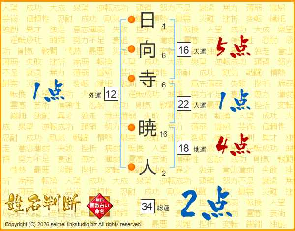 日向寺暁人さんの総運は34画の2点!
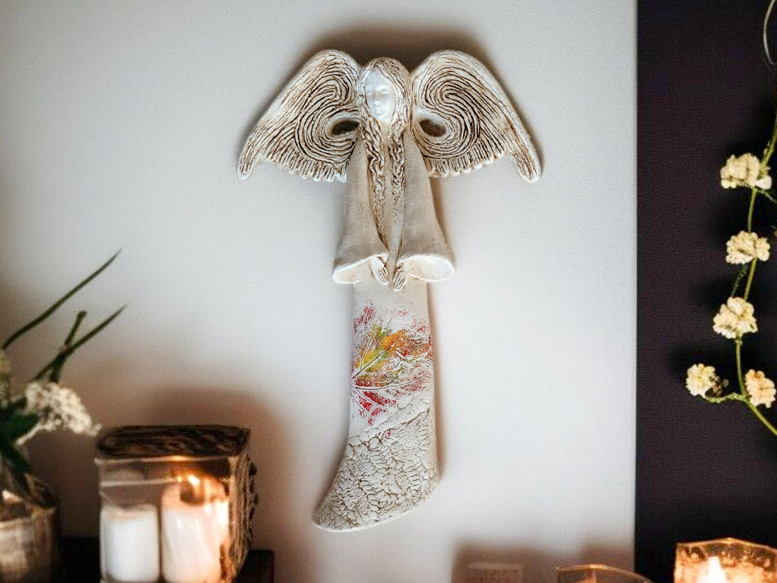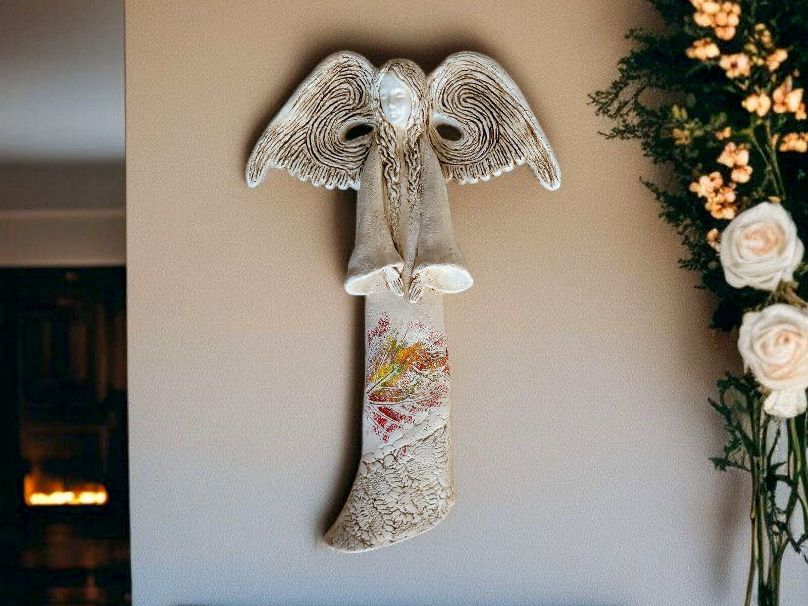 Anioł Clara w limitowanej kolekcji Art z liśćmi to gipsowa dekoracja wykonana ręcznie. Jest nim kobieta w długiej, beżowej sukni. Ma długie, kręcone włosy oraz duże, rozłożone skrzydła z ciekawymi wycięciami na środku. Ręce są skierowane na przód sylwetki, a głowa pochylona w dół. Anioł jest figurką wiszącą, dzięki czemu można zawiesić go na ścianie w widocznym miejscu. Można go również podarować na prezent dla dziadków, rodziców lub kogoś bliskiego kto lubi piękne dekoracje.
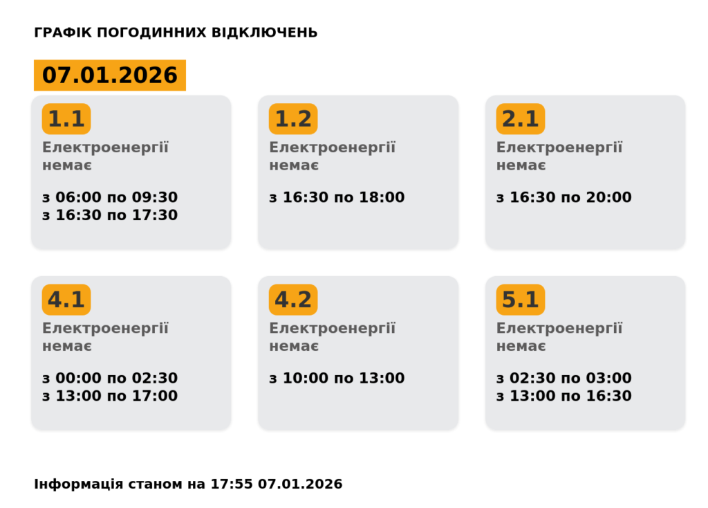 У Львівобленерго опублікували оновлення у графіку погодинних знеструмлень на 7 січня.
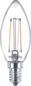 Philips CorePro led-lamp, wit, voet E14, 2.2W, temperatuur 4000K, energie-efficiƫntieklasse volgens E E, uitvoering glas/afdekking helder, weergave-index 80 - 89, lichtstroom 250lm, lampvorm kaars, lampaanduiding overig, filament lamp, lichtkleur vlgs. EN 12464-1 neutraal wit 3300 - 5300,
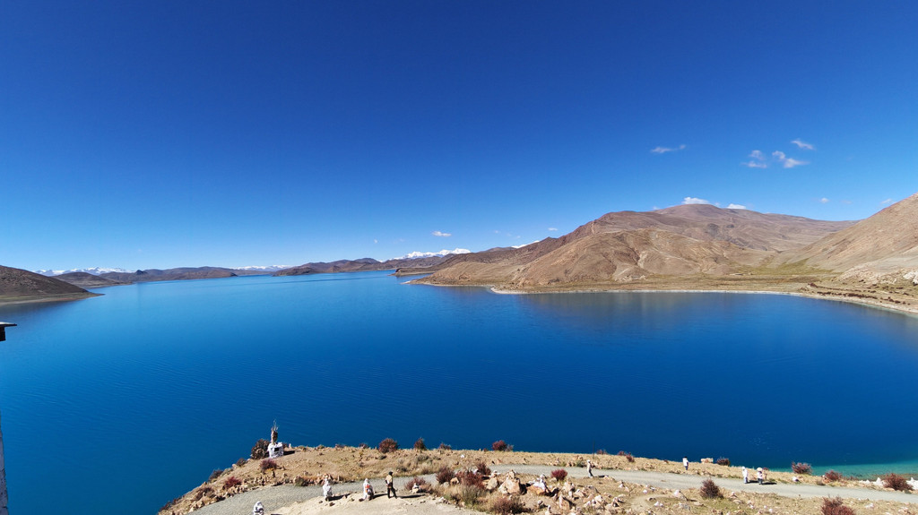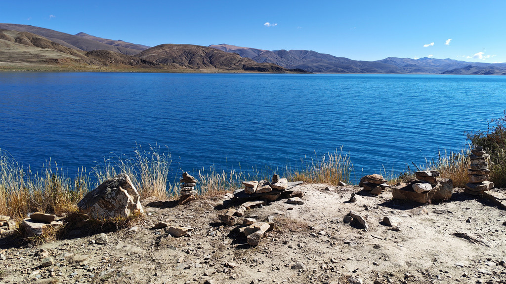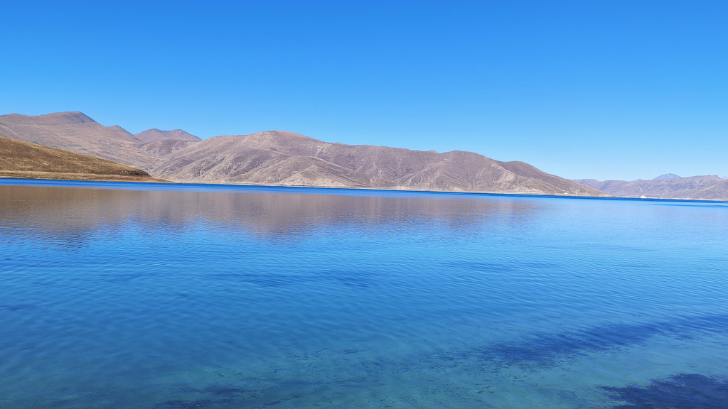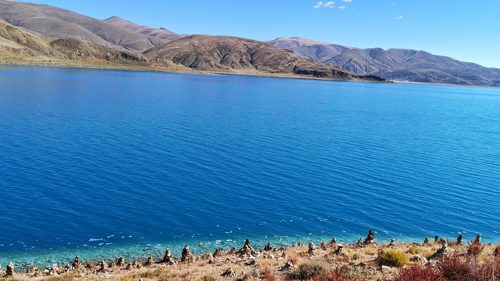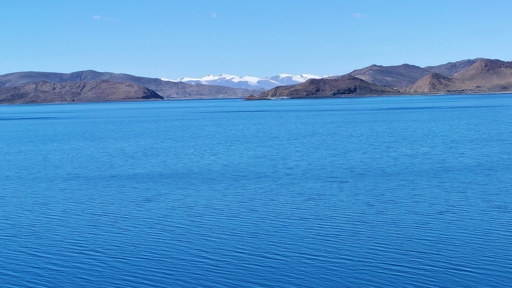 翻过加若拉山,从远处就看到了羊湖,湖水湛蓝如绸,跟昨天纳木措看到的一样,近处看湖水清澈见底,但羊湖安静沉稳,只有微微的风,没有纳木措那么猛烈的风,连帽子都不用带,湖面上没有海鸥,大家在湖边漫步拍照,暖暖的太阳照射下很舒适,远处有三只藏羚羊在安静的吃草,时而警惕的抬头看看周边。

---

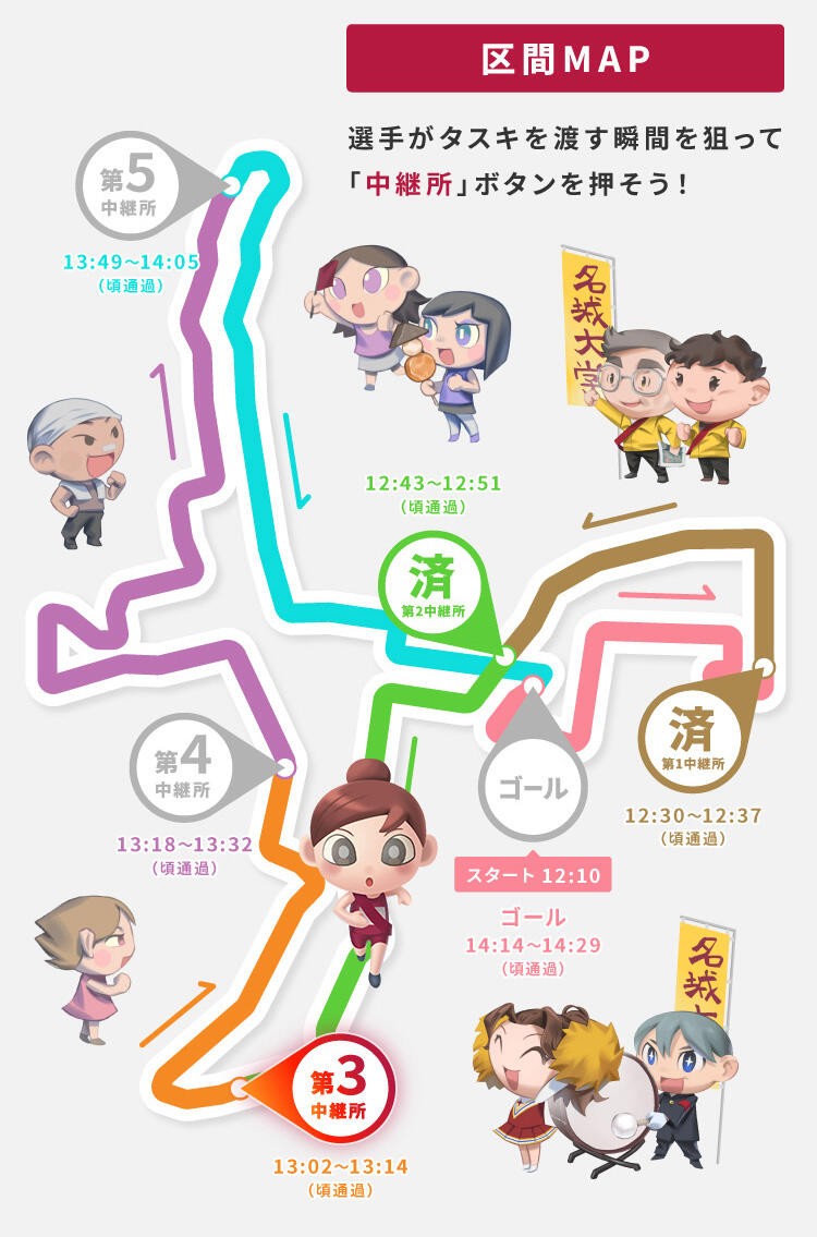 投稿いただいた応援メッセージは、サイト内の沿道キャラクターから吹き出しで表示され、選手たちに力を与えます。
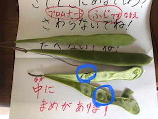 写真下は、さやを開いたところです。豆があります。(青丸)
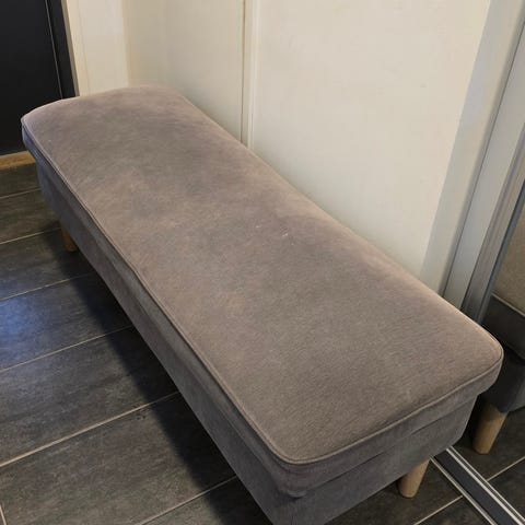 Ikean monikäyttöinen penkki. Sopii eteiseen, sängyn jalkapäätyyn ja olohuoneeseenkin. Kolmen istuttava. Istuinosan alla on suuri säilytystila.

* * *

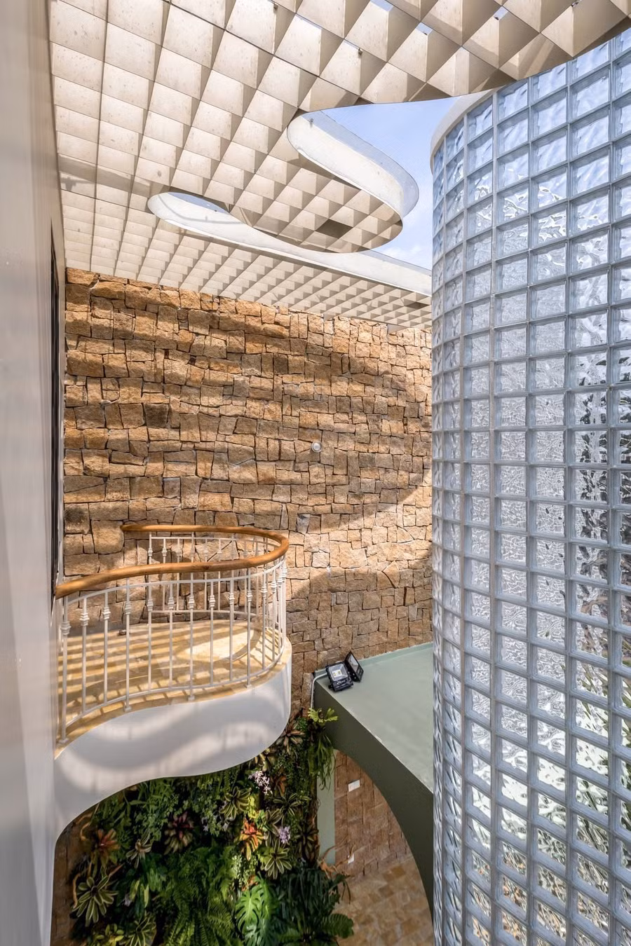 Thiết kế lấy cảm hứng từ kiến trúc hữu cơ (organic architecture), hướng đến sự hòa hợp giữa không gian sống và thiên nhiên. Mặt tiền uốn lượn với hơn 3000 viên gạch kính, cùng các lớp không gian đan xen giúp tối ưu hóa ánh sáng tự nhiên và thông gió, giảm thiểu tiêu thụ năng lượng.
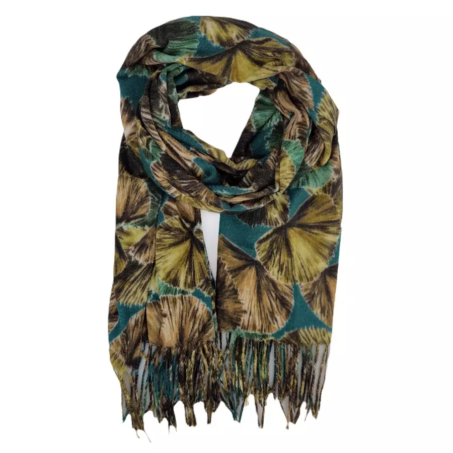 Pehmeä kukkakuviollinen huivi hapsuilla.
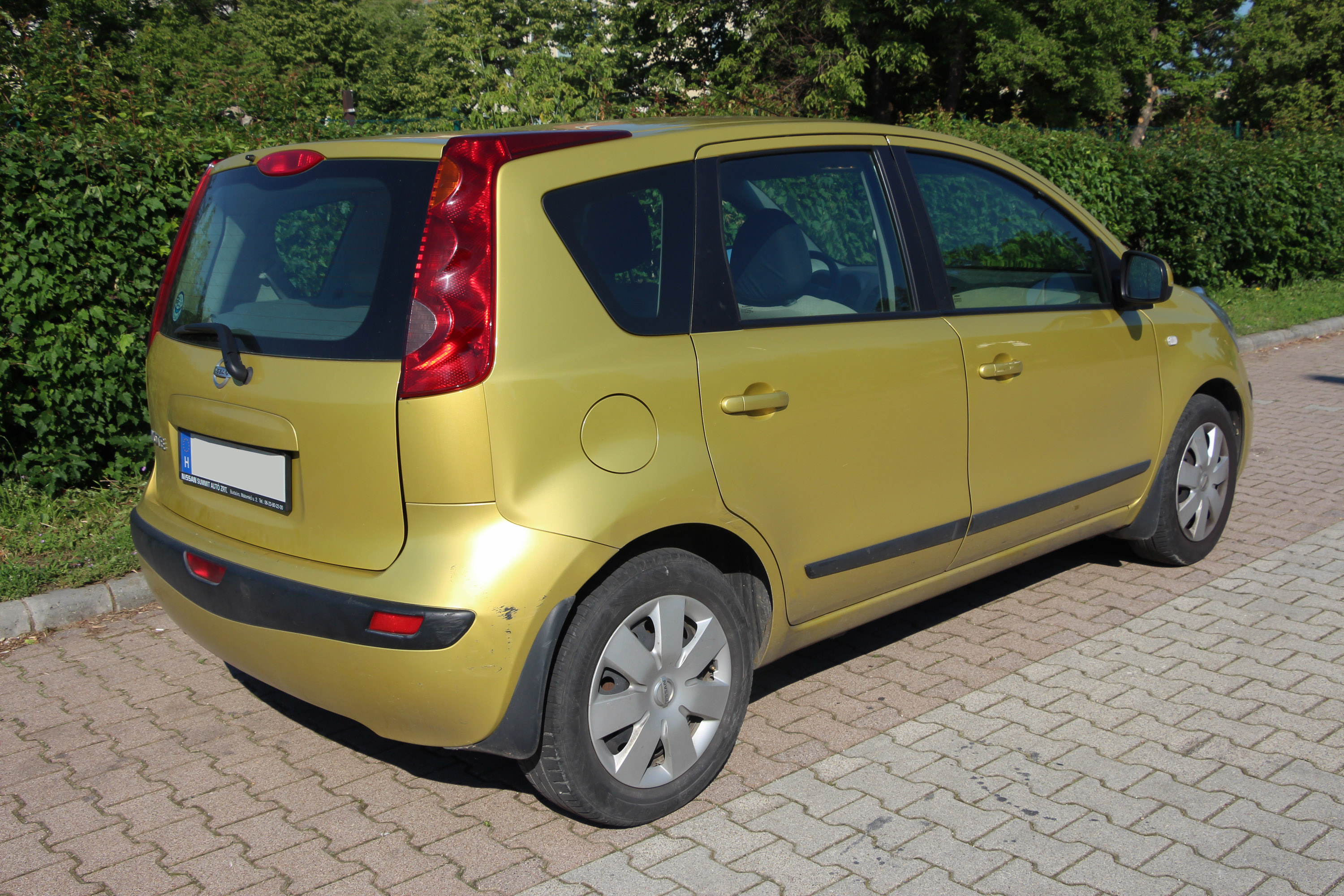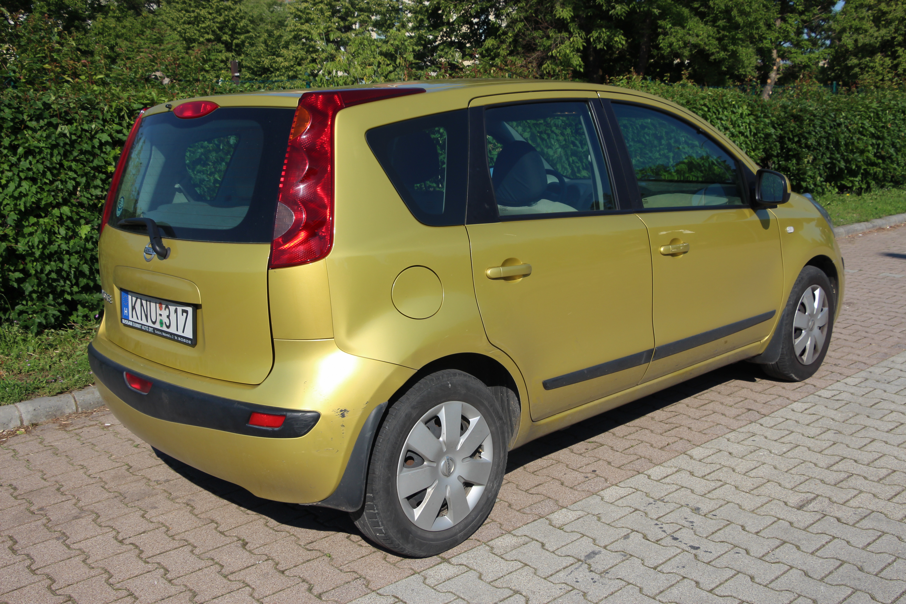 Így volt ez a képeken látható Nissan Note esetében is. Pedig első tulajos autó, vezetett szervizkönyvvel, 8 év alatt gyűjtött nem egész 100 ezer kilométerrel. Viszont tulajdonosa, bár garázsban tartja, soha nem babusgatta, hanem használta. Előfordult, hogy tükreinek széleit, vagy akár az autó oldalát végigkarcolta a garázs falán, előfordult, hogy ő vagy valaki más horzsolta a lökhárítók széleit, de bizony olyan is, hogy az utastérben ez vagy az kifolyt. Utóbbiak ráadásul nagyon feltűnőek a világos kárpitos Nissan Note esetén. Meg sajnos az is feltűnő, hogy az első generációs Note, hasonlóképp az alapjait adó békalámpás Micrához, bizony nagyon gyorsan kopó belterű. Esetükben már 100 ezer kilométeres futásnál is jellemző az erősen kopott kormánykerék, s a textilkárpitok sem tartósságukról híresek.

What to work on => Reproduce the data above exactly, but only from the line containing "Thiết kế lấy" through the line containing "Pehmeä kukkakuviollinen huivi hapsuilla."; skip the pictures.

Result =>
 Thiết kế lấy cảm hứng từ kiến trúc hữu cơ (organic architecture), hướng đến sự hòa hợp giữa không gian sống và thiên nhiên. Mặt tiền uốn lượn với hơn 3000 viên gạch kính, cùng các lớp không gian đan xen giúp tối ưu hóa ánh sáng tự nhiên và thông gió, giảm thiểu tiêu thụ năng lượng.
 Pehmeä kukkakuviollinen huivi hapsuilla.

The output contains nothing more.